Die renommierte Oxforder Taylorian besitzt zwei Drucke von Luthers 1518 erschienener Flugschrift “Sermon von Ablass und Gnade" (WA 1, [239] 243-246; DDStA 1, 1-11), mit der Luther die Auseinandersetzung um Lehre und Praxis des Ablass popularisierte. Von diesen beiden Exemplaren geht die vorliegende zweisprachige Edition aus; sie ediert daher nicht den Wittenberger Erstdruck, sondern einen Leipziger Druck (WA-Sigel F; VD16 L 6270), und bietet Faksimiles beider Exemplare - der zweite ist in Basel gedruckt (WA-Sigel M; VD16 L 6268). Henrike Lähnemann und Christina Ostermann stellen die Druckgeschichte der beiden Exemplare und ihren Weg nach Oxford erhellend dar; zu Druck und Sprache bieten Lähnemann und Howard Jones hilfreiche Erläuterungen. Von Jones stammt auch die treffende Übersetzung des Sermons in modernes Englisch.

Auf den Text des Sermons folgen die 95 Thesen, lateinisch (nach WA 1, [229] 233-238) und englisch.
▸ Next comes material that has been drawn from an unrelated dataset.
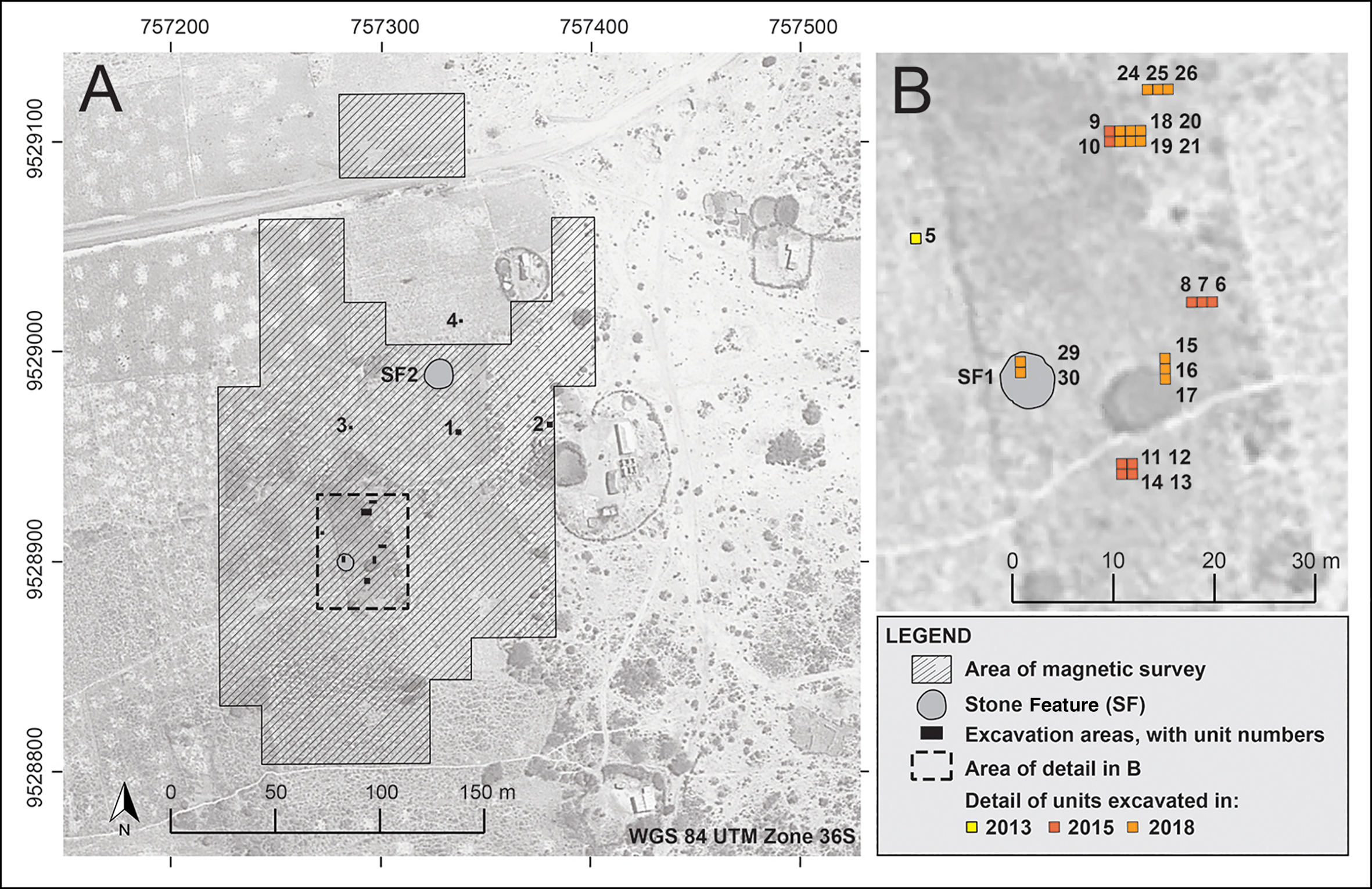 Prior to test excavations, we interviewed the landowners and several older residents of Luxmanda village about the stones. These informants had no prior knowledge of these features and did not view them as meaningful to the community within living memory. As cairns are a known feature of Pastoral Neolithic mortuary traditions, we proceeded with caution in a limited section of SF1 and placed a 4m2 trench. Given time constraints, the volume of cultural material found and the difficulty of excavation amongst stones, this area was reduced to 2m2 (units 29–30) and then 1m2 (unit 30).

Die gegenchronologische Anordnung folgt einer plausiblen didaktischen Absicht: Die modernen Leserinnen und Leser dieser Ausgabe folgen auf diese Weise der volkssprachlichen Rezeption am Beginn der Reformationszeit. Erst vom Sermon aus klärt sich die inhaltliche Dynamik und Relevanz von Luthers Thesen und lässt sich die existenzielle religiöse Bedeutung von Luthers Ablasskritik erfassen und einordnen. Für diesen Weg plädiert Martin Keßler in seiner theologischen Einleitung zum Sermon. Sie resümiert bündig die Geschichte von Ablasslehre und -praxis und führt die theologische Stringenz von Luthers Gedankenführung im Sermon eindrücklich vor Augen. Für ein deutsches Lesepublikum ist aus dieser mustergültigen kleinen Edition, vor allem diese Einleitung zu empfehlen, von der zu wünschen ist, dass sie auch in deutscher Sprache vorgelegt werden möge. Auf jeden Fall trägt diese Ausgabe aus England dazu bei, die Verschränkung von akademischer Theologie und ihrer volkssprachlichen Elementarisierung am Beginn der Wittenberger Reformation deutlich zu akzentuieren.

Hellmut Zschoch


Cutting edge scholarship in a form Luther himself would approve.

Cannot wait to get my copy! The previous volume in this series, Luther's An Open Letter on Translating, has been a constant companion for the last year, engaging as it does fundamental issues of theology, book history, and literary exchange. This one takes on indulgences! Cutting edge scholarship in a form Luther himself would approve.